Input data:
- Opening Delimiter -

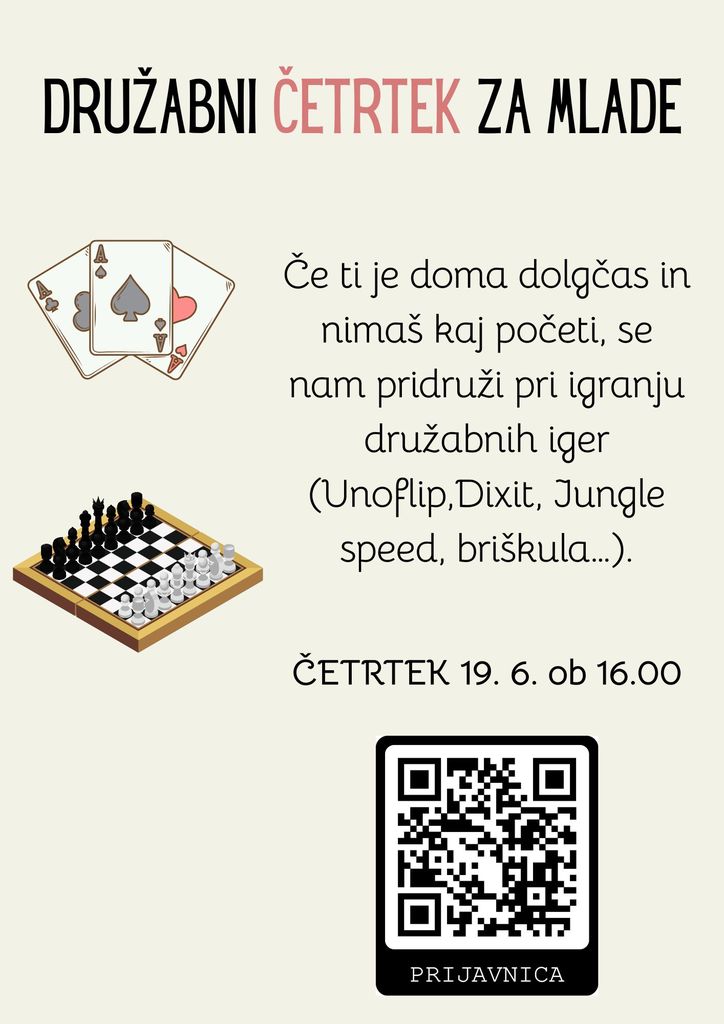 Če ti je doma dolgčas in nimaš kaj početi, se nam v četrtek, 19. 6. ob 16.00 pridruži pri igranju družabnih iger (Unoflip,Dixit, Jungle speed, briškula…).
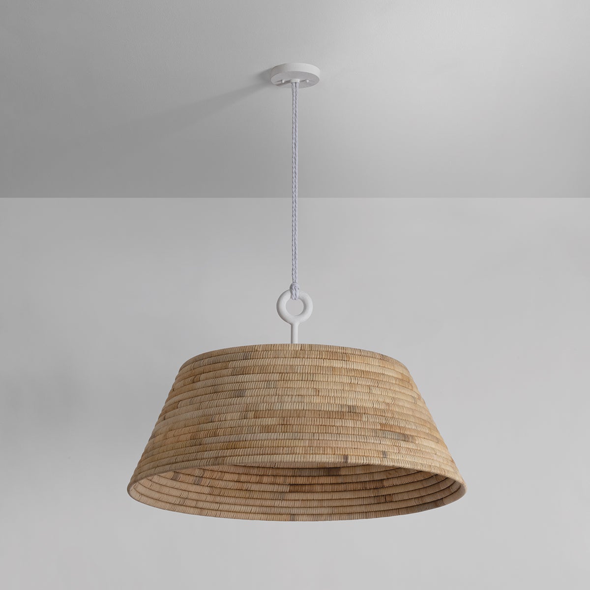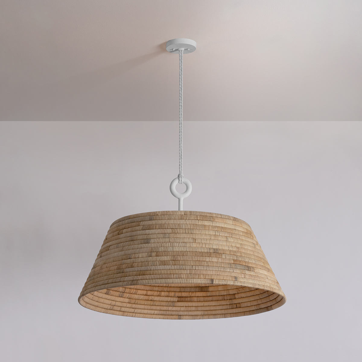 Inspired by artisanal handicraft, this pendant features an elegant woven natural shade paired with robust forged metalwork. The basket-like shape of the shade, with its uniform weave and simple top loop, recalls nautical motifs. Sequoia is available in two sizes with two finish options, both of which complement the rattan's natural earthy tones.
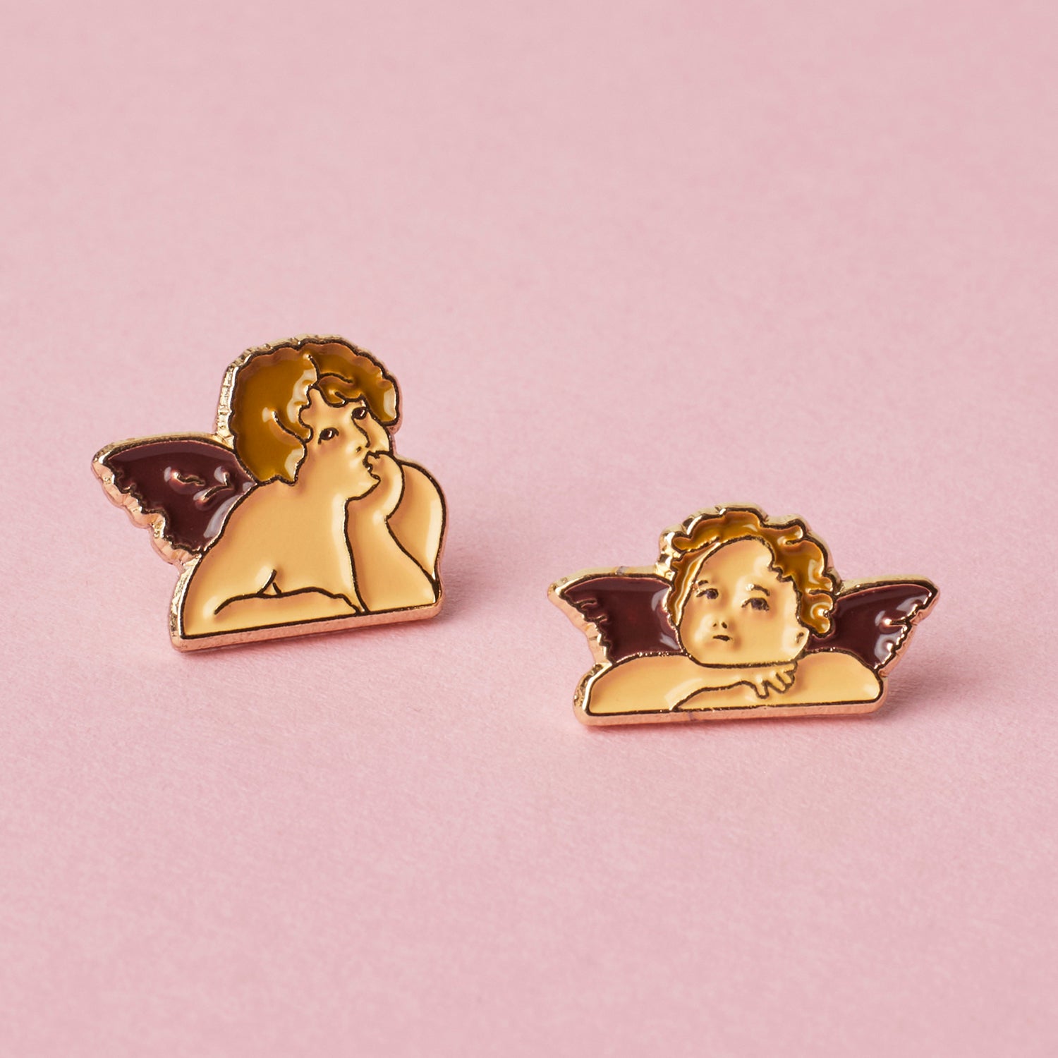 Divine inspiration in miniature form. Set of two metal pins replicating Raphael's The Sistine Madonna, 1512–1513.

- Closing Delimiter -

Work order:
Print each line above exactly as it appears, excluding all images.

Answer to the exercise:
 Če ti je doma dolgčas in nimaš kaj početi, se nam v četrtek, 19. 6. ob 16.00 pridruži pri igranju družabnih iger (Unoflip,Dixit, Jungle speed, briškula…).
 Inspired by artisanal handicraft, this pendant features an elegant woven natural shade paired with robust forged metalwork. The basket-like shape of the shade, with its uniform weave and simple top loop, recalls nautical motifs. Sequoia is available in two sizes with two finish options, both of which complement the rattan's natural earthy tones.
 Divine inspiration in miniature form. Set of two metal pins replicating Raphael's The Sistine Madonna, 1512–1513.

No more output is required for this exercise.